Klaire and Kylah, a pair of twins less than a year old with marfan syndrome, are also in heart failure and will need surgery very soon.
Danny, our little friend from the UK, just underwent glaucoma surgery and is dealing with a plethora of health concerns due to his infantile marfans.
Ashley Hood, a mom I am friends with on facebook, just last week, lost her 7-month-old son who also had marfans. I can't even imagine.
Needless to say, there is a lot of stress, sadness, and heartache that I read about daily in my conversations with my wonderful group of marfan moms.
It has been difficult to keep my head up lately. The only way I can is when Christ gives me the strength. Satan has been working hard lately to destroy any feelings of peace or contentment I may have. I have been feeling a little angry, utterly defeated, and completely overwhelmed by everything going on. I am praying for peace, energy and help in trusting that God is working for our good. I have been thinking on a verse I read right before our trip to Baltimore. It is Hebrews 4:14-16.
"Since then we have a great high priest who has passed through the heavens, Jesus, the Son of God, let us hold fast our confession. For we do not have a high priest who is unable to sympathize with our weaknesses, but one who in every respect has been tempted as we are, yet without sin. Let us then with confidence draw near to the throne of grace, that we may receive mercy and find grace to help in time of need."
Jesus went through it all. God GAVE up his only Son. He gets it.
Here's another, more familiar verse that I've been dwelling on. James 1:2-4
"Count it all joy, my brothers, when you meet trials of various kinds, for you know that testing of your faith produces steadfastness. And let steadfastness have it's full effect, that you may be perfect and complete, lacking nothing."
I can't, on my own, choose to be joyful in these kind of situations, but I can pray that God grants me His grace and gives me the ability to be joyful through it all, knowing that in the end, steadfastness will come.
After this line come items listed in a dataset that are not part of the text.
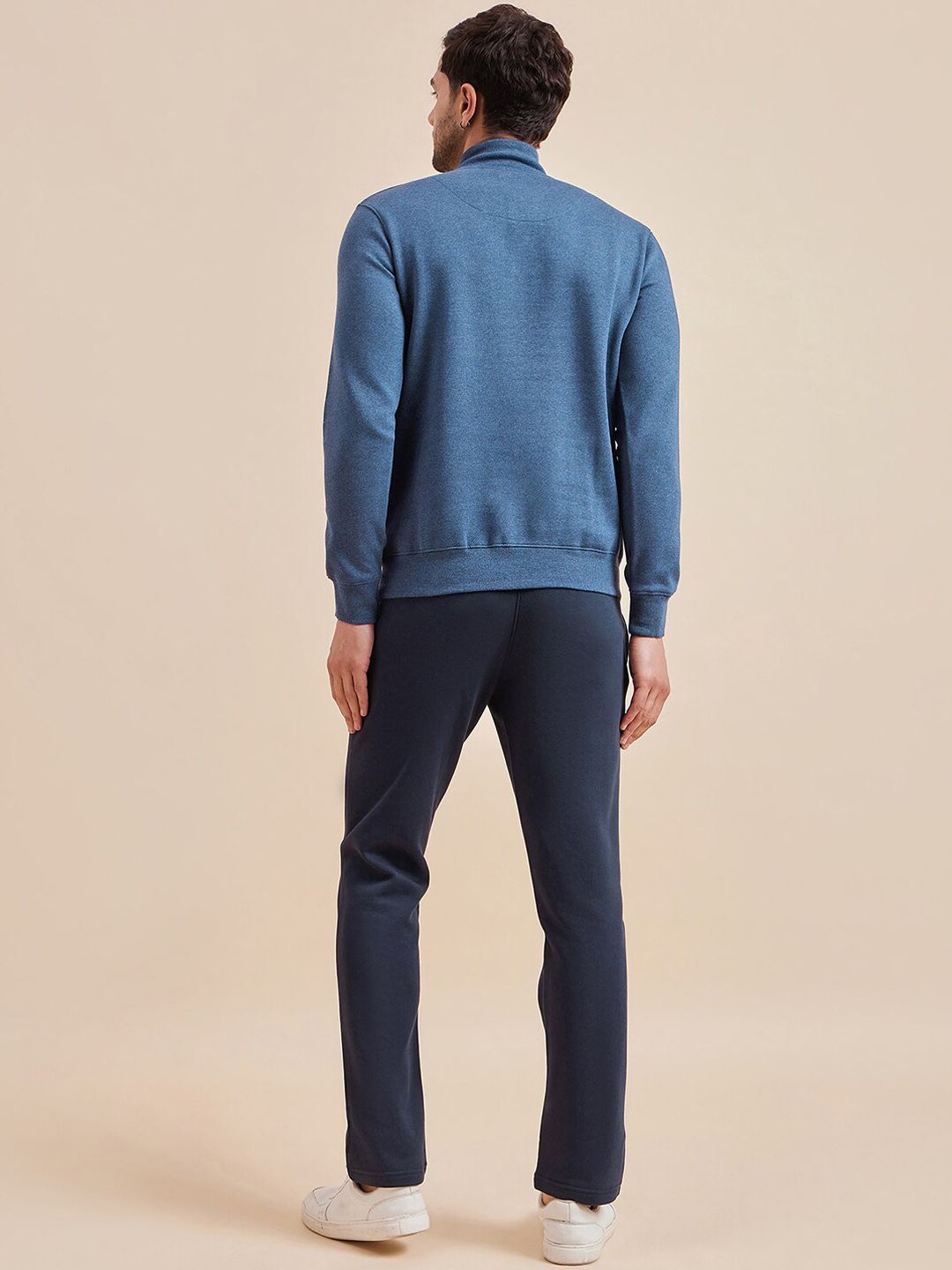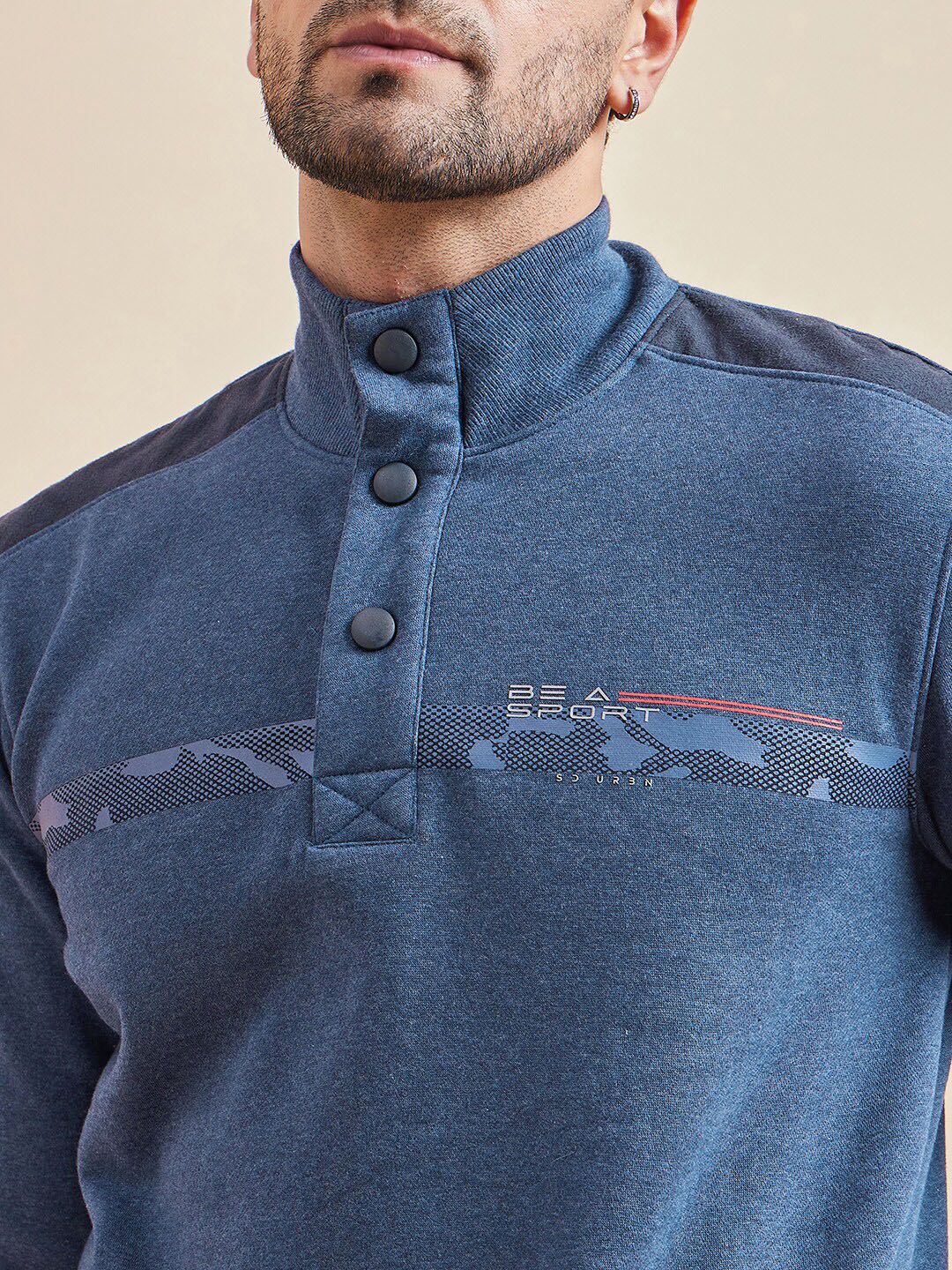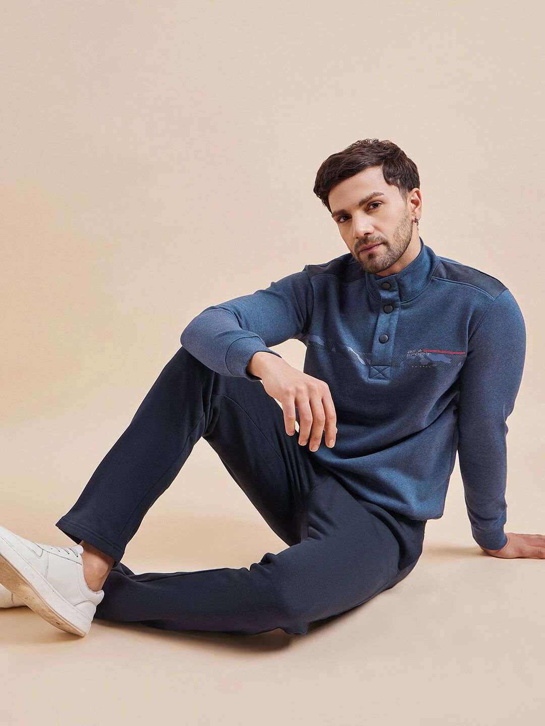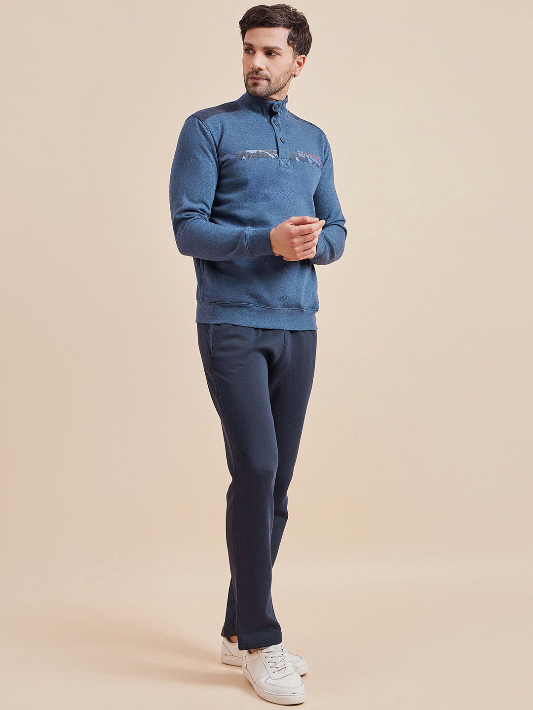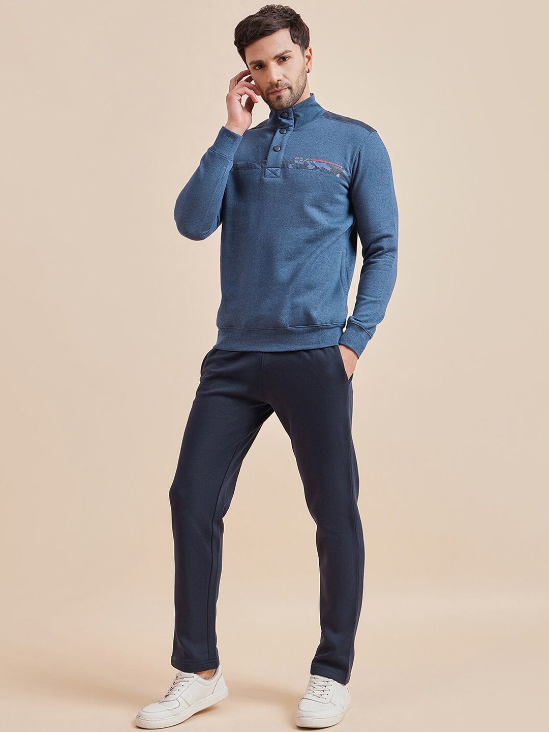 This tracksuit consists of a sweatshirt and a pair of track pantsNavy-blue, white and black printed sweatshirt, has mock-collar neckline, half-button closure, two slip pockets, long sleeves and ribbed hemsNavy-blue solid mid-rise track pants, has an elasticated waistband with drawstring closure and two pockets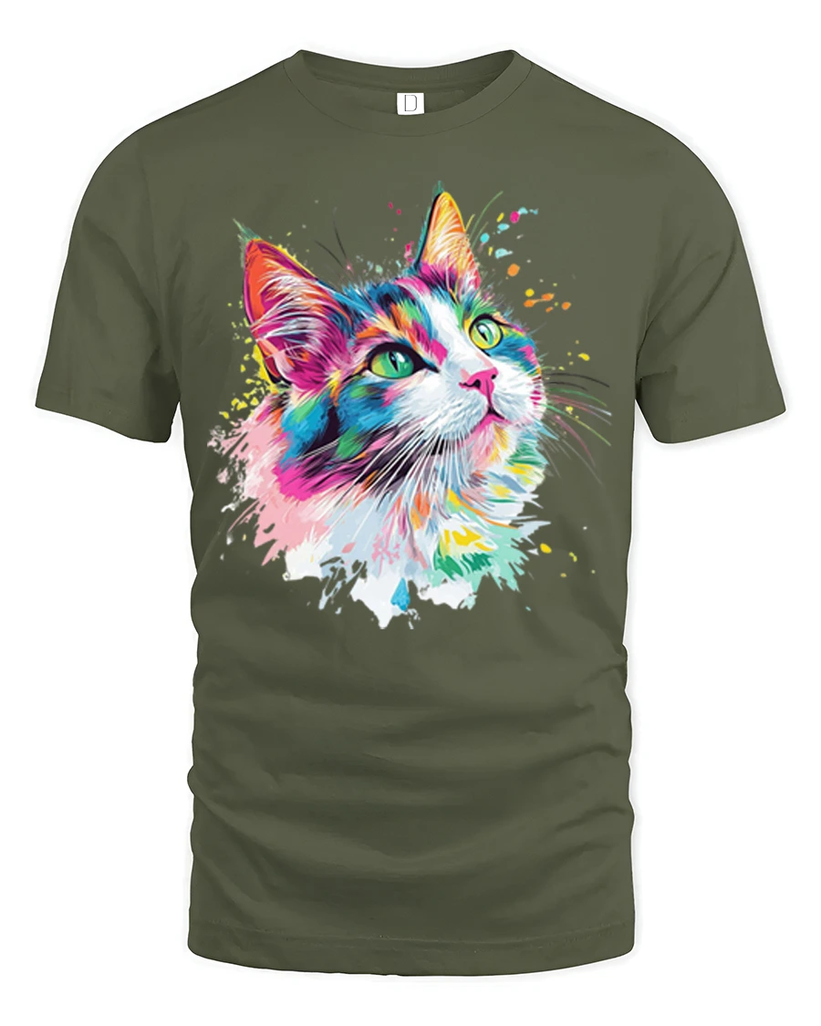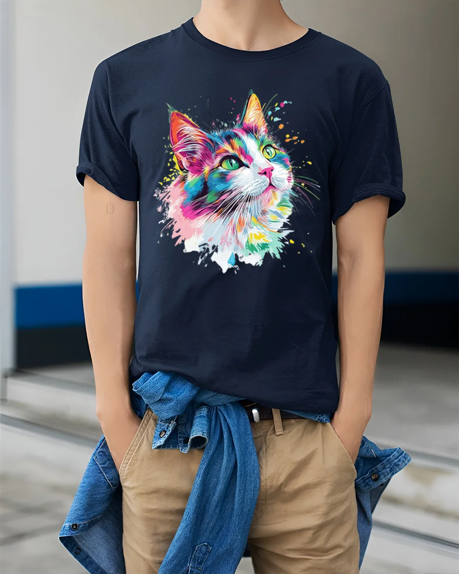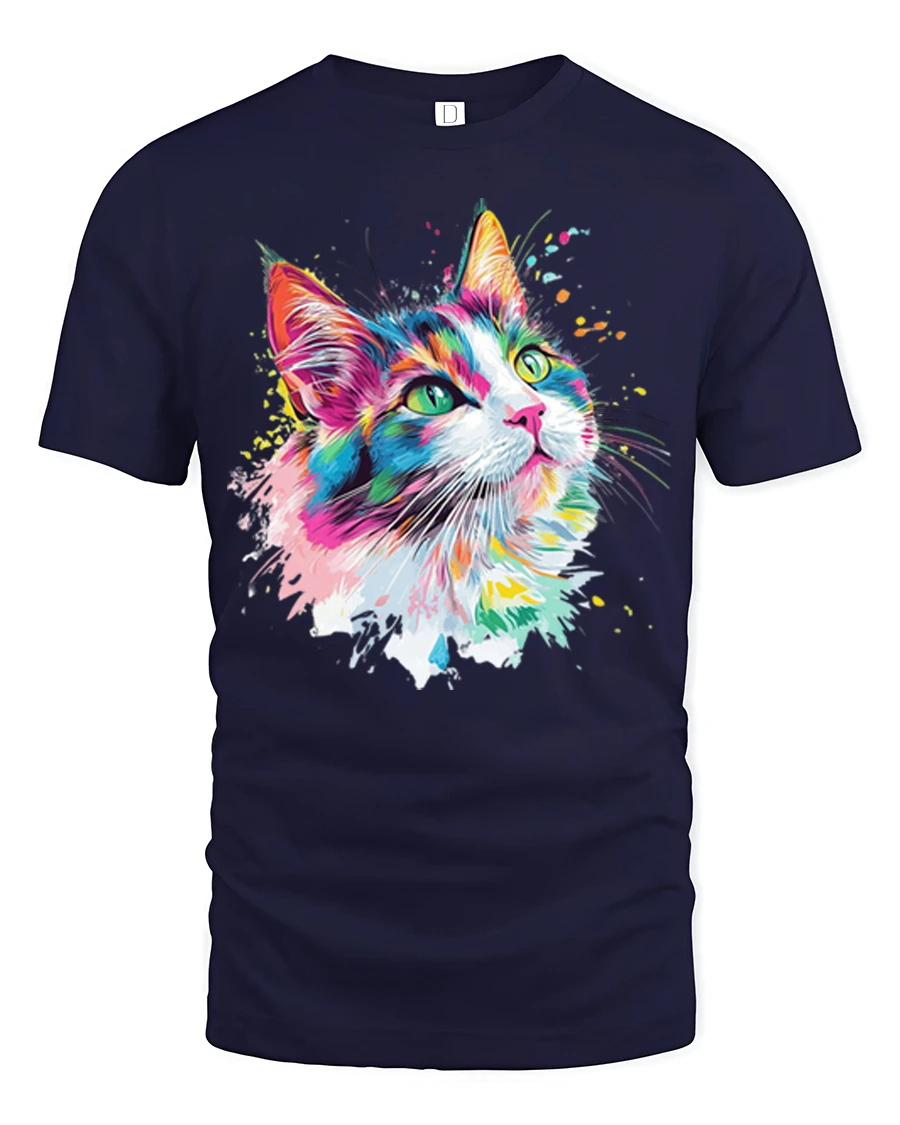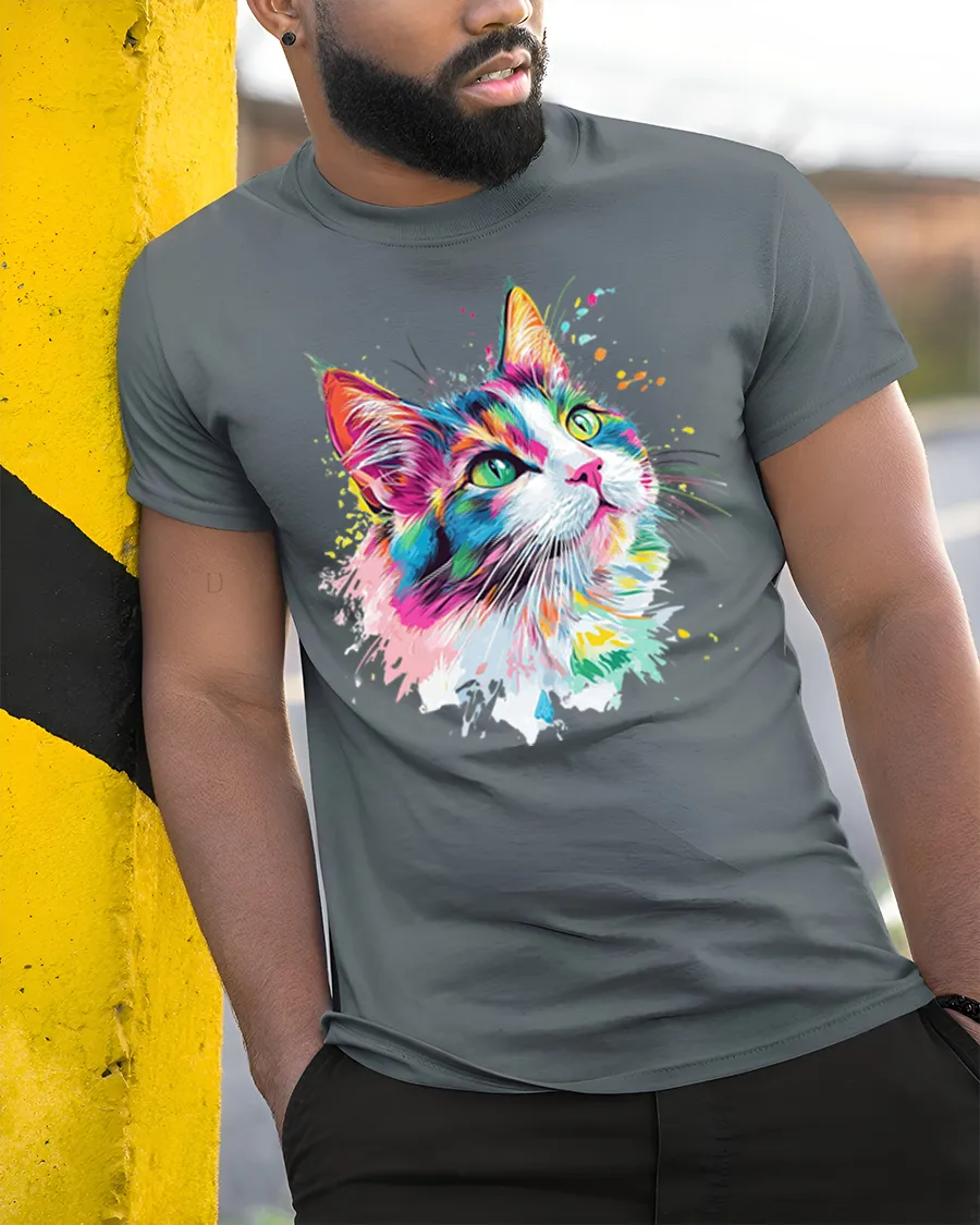 Soft breathable fabric offers comfortable everyday wear while the bold cat graphic remains vivid and eye catching. The expressive color palette and artistic paint splash details add a playful and stylish look that fits perfectly with casual fashion. This artistic cat themed shirt celebrates the charm and elegance of cats through vibrant modern art that brings personality and creativity into a unique graphic tee.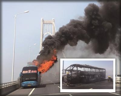南京四橋高速一大客車昨自燃 所幸無人傷亡

I love my little Emri more than I can possibly explain. She brings an immeasurable amount of joy to my life daily. It hurts so bad to know how much she will have to overcome and defeat, even in the first few years of her little life. But I know what to cling to, and what to pray for in order to be content and receive joy through it all. You can bet that this is what I will be teaching Emri as she grows and questions the trials she is facing. I thank God for his promise to grant us mercy in our time of need...if only we are willing to draw near to the throne of grace.